Last week, however Vintage Books, a paperback division of Random House Inc., announced it had acquired the series, affirming the widespread popularity of the title, as well as ensuring a second wave of copies both in print and online. Even Hollywood has taken notice, and talk is swirling of a potential Tinseltown deal as well.

But what of the elephant in the room – the book's highly sexualized content, which ventures well beyond what has typically been considered mainstream. Is anyone talking about that?

In a Today Show segment that aired earlier this month, Dr. Drew Pinsky, a practicing physician and television personality, voiced his concerns.

This goes beyond the “swept away” fantasy, he said, arguing that the book might even go so far as to advocate violence against women and children. “It says something socially about us that’s a little bit disturbing,” he said.

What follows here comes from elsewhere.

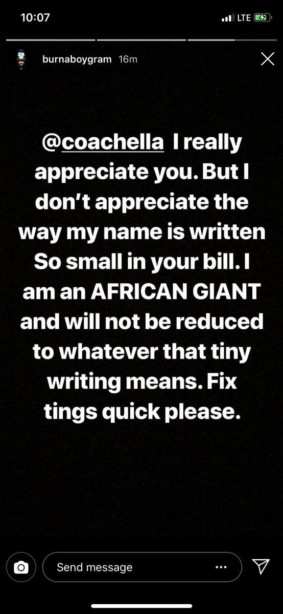 When the Festival organizers listed his name in small font, he took to social media and declared: “I am an AFRICAN GIANT and will not be reduced to whatever that tiny writing means.”

Absolutely not true, said Dr. Logan Levkoff, a relationship expert, author and sexologist. “This is a relationship that is strictly consensual, and the power dynamics between the couple keep going back and forth.... While it  may be politically incorrect to fantasize about being submissive or taken care of, this is kind of an escape for people who are always taking care of everyone else.”

For Westchester-based mother and professional blogger Stacy Geisinger of StacyKnows.com, another early reviewer of “50 Shades of Grey,” the appeal of the book is perhaps less complicated. “These are hard times,” says Geisinger. “Not everything needs to be so serious.  Sometimes you can read a book just for enjoyment. [The book] makes you giggle when discussing this with your girlfriends.”

And from an "average" male perspective? Frank Santo offered his take on the book in The New York Daily News this week. According to Santo, "50 Shades of Grey" is "pornography, plain and simple," but its popularity shouldn't be a surprise. "When sex is used to sell blue jeans or bubble-gum, the effect is  cheap and cynical," Santo said. "But in "50 Shades" sex is used to sell, well, sex. So who is shocked that women are buying?"

Meredith Bennett-Smith is a Monitor correspondent.